The output must start at the line containing "Our Reversible Back" in the records below and stop at the last line, matching each line exactly and leaving out every picture.

Extracted data entries
"""

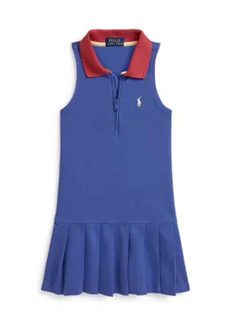 This stretch mesh Polo dress from Ralph Lauren Childrenswear is designed with a drop-waist silhouette, a pleated skirt and a 1/2-zip placket. Their signature embroidered Pony and a contrasting collar add playful pops of color. 98% cotton, 2% elastane Machine washable Drop-waist silhouette Size 4 has a 22" body length (front and back) Signature embroidered Pony at the left chest Ribbed Polo collar 1/4-zip placket Zipper pull custom-developed with a “Polo” logo Pleated skirt Imported Imported
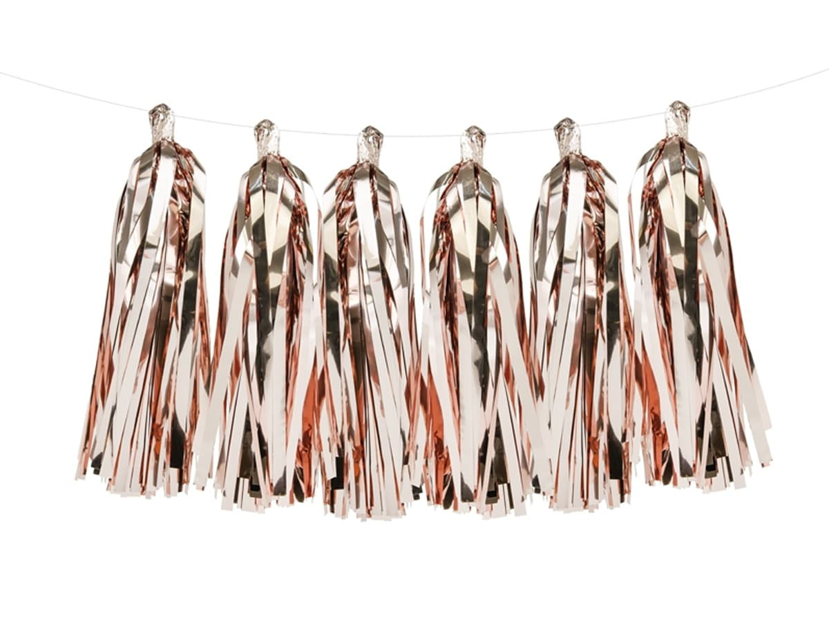 Ghirlanda cu ciucuri din aur roz este un accesoriu unic care va face din ziua ta de naștere o sărbătoare memorabilă. Acest decor nu este doar frumos, ci și ușor de asamblat, astfel încât să puteți crea singur o ghirlandă unică pentru a adăuga strălucire și farmec petrecerii dvs.
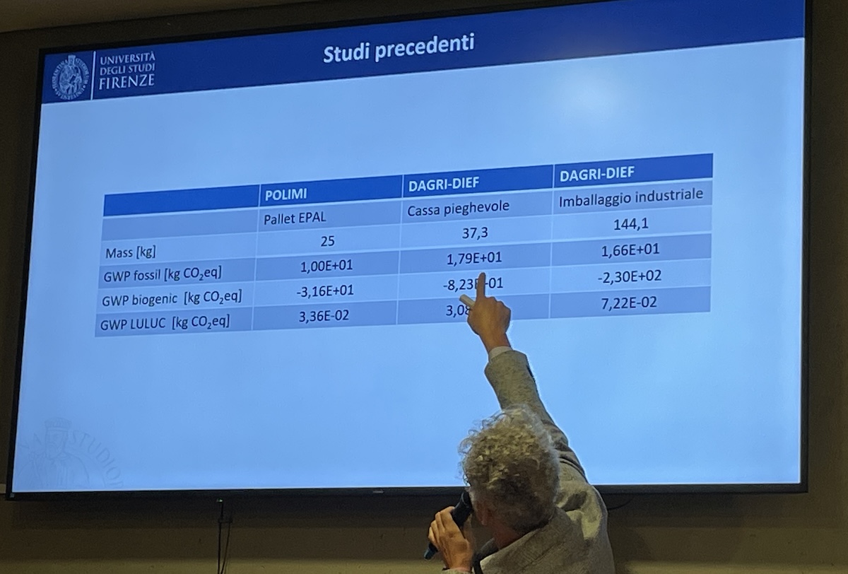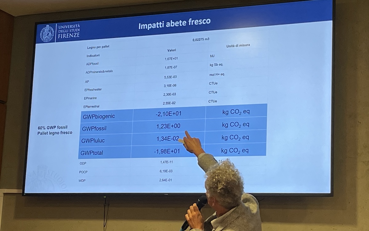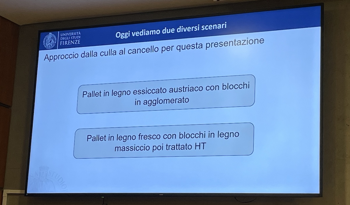 Giacomo Goli e Massimo Delogu dell’Università degli Studi di Firenze, mostrando uno studio sull’ecoprofilo di un pallet in legno essiccato austriaco con blocchi in agglomerato e uno in legno fresco con blocchi in legno massiccio poi trattato HT, hanno evidenziato come possa essere possibile un approccio 'open data' ed hanno posto le basi per lo sviluppo di un tool di calcolo generalizzabile a qualunque tipologia di pallet. Come già evidenziato in studi precedenti, i due pallet studiati hanno mostrato un ecoprofilo estremamente interessante con qualche vantaggio per il legno massiccio fresco che ovviamente subisce un numero inferiore di trasformazioni.
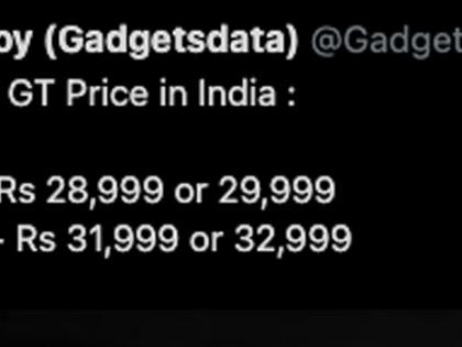 POCO F3 GT price: POCO F3 GT ची किंमत ट्वीटरवर लीक करण्यात आली आहे, या फोनच्या 8GB रॅम व्हेरिएंटची किंमत 28,999 किंवा 29,999 रुपये असेल.
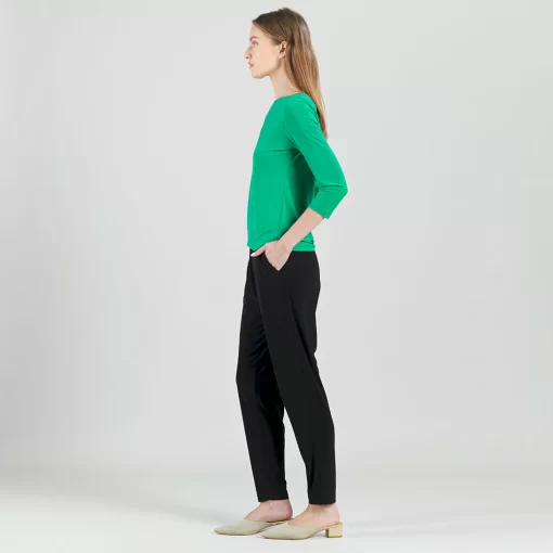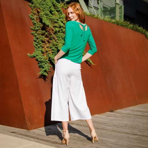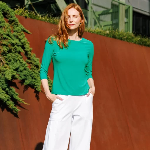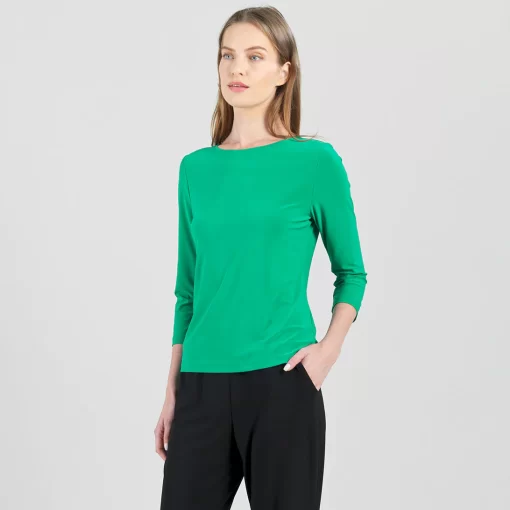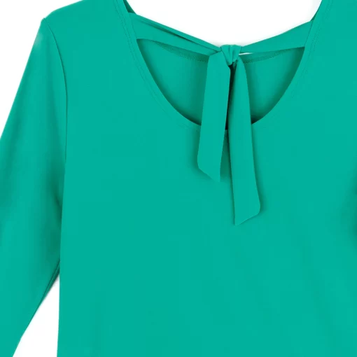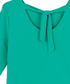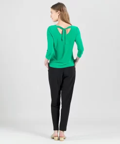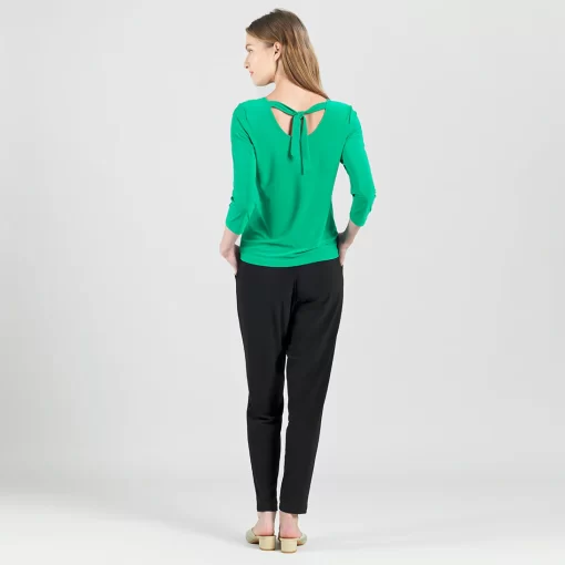 Our Reversible Back Tie Top is a basic silhouette with feminine features! Featuring a round neckline, 3/4 length sleeves, a straight hemline, and a reversible charming back tie detail. ♥ Can also be worn with the back tie in the front for an alternative neckline! Our Emerald shade is a vibrant, mid-tone color, with kelly green undertones.Carefree Travel Fabric – Soft Silky Knit Our signature poly blend fibers offer luxurious softness with lightweight, wrinkle-free comfort. This easy-care fabric is quick drying and cooler than linen or cotton, making it perfect for on-the-go wear.Reversible Back Tie Detail Wrinkle Free Travel Friendly Ultra Lightweight Soft Knit Fabric Breathable Jersey-Like Feel
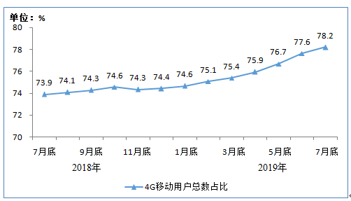 图2  2018年7月底-2019年7月底4G用户总数占比情况
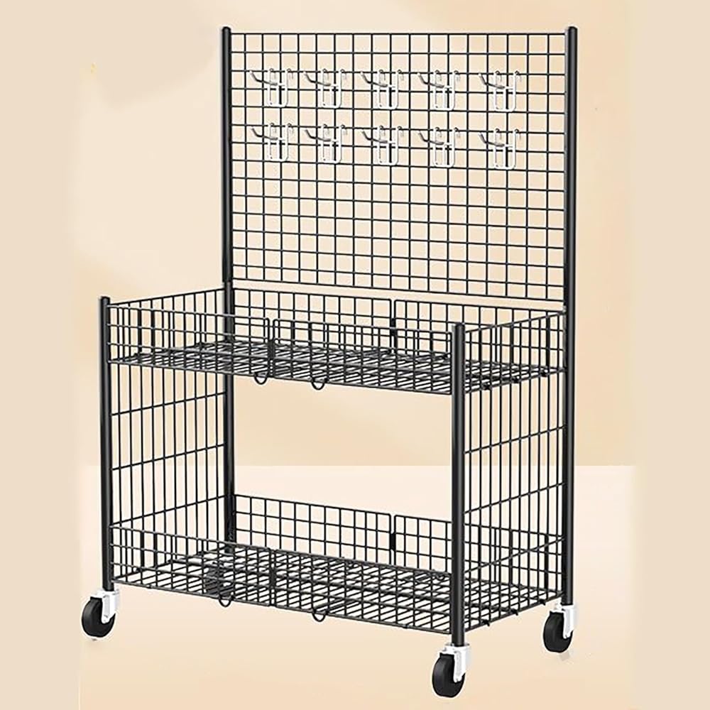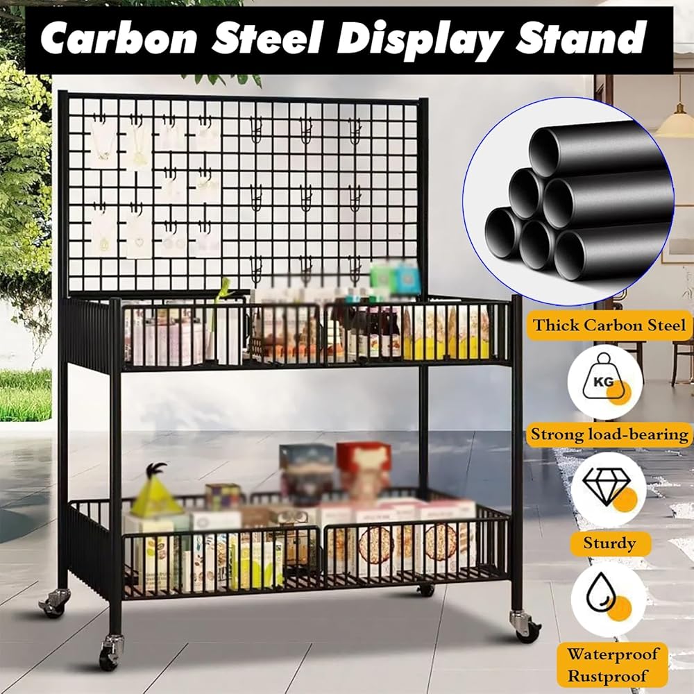 • Versatile Storage & Display The 2-tier design includes a gridwall panel for hanging items and a diamond mesh shelf for storing heavy goods. Includes 10 Gridwall hooks for maximum versatility. Organize and showcase your products with ease, whether it's clothing, tools, or craft supplies

"""

Solution to this task ::
 Our Reversible Back Tie Top is a basic silhouette with feminine features! Featuring a round neckline, 3/4 length sleeves, a straight hemline, and a reversible charming back tie detail. ♥ Can also be worn with the back tie in the front for an alternative neckline! Our Emerald shade is a vibrant, mid-tone color, with kelly green undertones.Carefree Travel Fabric – Soft Silky Knit Our signature poly blend fibers offer luxurious softness with lightweight, wrinkle-free comfort. This easy-care fabric is quick drying and cooler than linen or cotton, making it perfect for on-the-go wear.Reversible Back Tie Detail Wrinkle Free Travel Friendly Ultra Lightweight Soft Knit Fabric Breathable Jersey-Like Feel
 图2  2018年7月底-2019年7月底4G用户总数占比情况
 • Versatile Storage & Display The 2-tier design includes a gridwall panel for hanging items and a diamond mesh shelf for storing heavy goods. Includes 10 Gridwall hooks for maximum versatility. Organize and showcase your products with ease, whether it's clothing, tools, or craft supplies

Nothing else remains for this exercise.